For women looking to meet other mothers, there is a Facebook group called “Mums in Mongolia”. Members of the group, mostly expats, get together for coffee mornings and playgroups to exchange advice and share experiences. Speaking of playgroups, there are a number of indoor play places in UB geared towards young children. We recommend the one at Grand Plaza.


Tsagaan Sar Monestary Tour:

Tsagaan Sar is usually associated with brand new deels, sloppy kisses from long-lost relatives and buuz, lots of it. Although you might feel lethargic after your buuz-fest on bituun, make the day count and participate in the city’s Tsagaan sar festivities. Every monastery holds a special ceremony on Tsagaan sar’s eve, an all-night affair that goes on until the first sunrise of the new year. As monks pray, they prepare colorful cakes known as balin (torma in Tibetan), an offering to the gods and quite a site. UB has several large monasteries, so it is possible to visit a few monasteries at once and take in the atmosphere of the night. Of course, the Gandantegchenlin monastery is a must: even the President visits there to pay his respects on bituun, so it can become quite crowded. dambadarjaa monastery, the oldest standing monastery in UB, offers a simpler and more authentic experience, and the dashichoiling monastery is always a pleasure to visit. Whatever your religion, think good thoughts and start your New Year right.

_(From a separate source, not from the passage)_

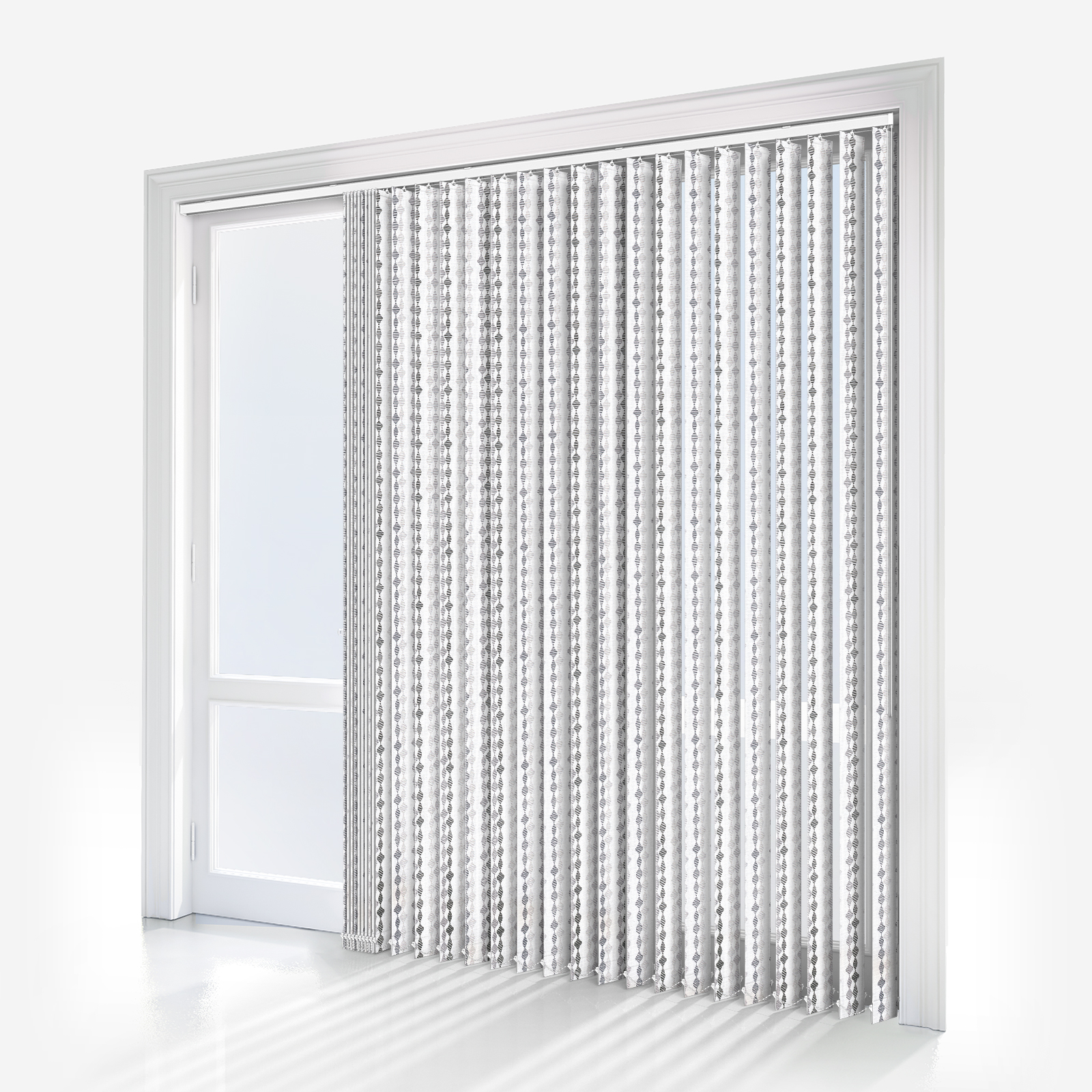 This shadow vertical blind features a stylish patterned design, bringing interest to your home and adding a finishing touch to your decor.

As the saying goes, every Mongolian is a singer. A Mongolian party would not be complete without a round of songs, and everyone is expected to sing (and drink). Although such parties are still en vogue, sophisticated urbanites have embraced karaoke as a welcome alternative, which means there is a karaoke joint on every corner. Here, we’ve picked some of our favorites.

  • Sun Street Karaoke (Seoul Street, across from School No.1): Karaoke places tend to be dingy, smoke-filled affairs, but Sun Street karaoke is a welcome exception. Nicely appointed rooms, good acoustics and reasonable service – overall, a great place to exhaust your vocal cords.
  • Mongol Karaoke (Peace Avenue, behind Centerpoint): The best thing about Mongol karaoke is that it stays open past midnight. be sure to knock loudly, and the door will magically open almost every time.
  • M-Club (Baruun Selbe Street, TEDY center): Mobicom has made so much money over the last decade that it felt obliged to give back a little and invested in a member’s only entertainment center complete with a bowling alley, mini-cinema, game center and a karaoke lounge. Although you still have to fork out cash for most services, the two karaoke rooms are quite nice.
  • Chinggis Khaan Hotel (Tokyo Street): Most UB hotels feature karaoke facilities, which can be rented even if you are not staying at the hotel. Chinggis khaan hotel’s karaoke rooms are pleasant (some even have en-suite bathrooms), but be prepared to shell out 5 star prices.

Top 5 Karaoke Songs

Sure, you have the Beatles covered, with a sprinkling of Elvis and Abba, but these Mongolian tunes will make or break the night.

1. Kharanga – “Толин хул”. If you want some adrenaline, sing along to this Kharanga number and make sure you do an impression of Lkhagva strutting around with the mic. Done right, this track is guaranteed to leave you with a sore throat for the rest of the night.

2. Javkhlan – “Чи минь байгаа хойно”. Javkhlan is a perennial karaoke favorite, and even people who profess an ardent dislike of Mongolian country music will warm up to this hit.

3. Minjinsor/Chingis – “Дөрвөн улирал хоёр амраг”. A great male/female duet.

4. Sarantuya – “Хайрын бурхан”. One of Sarantuya’s biggest hits, this romantic ballad from 1996 will have everyone swooning. You gotta have Saraa’s vocal range though.

5. Khar Sarnai – “Шөнийн охин”. What would karaoke night be without a little rap? Go nuts.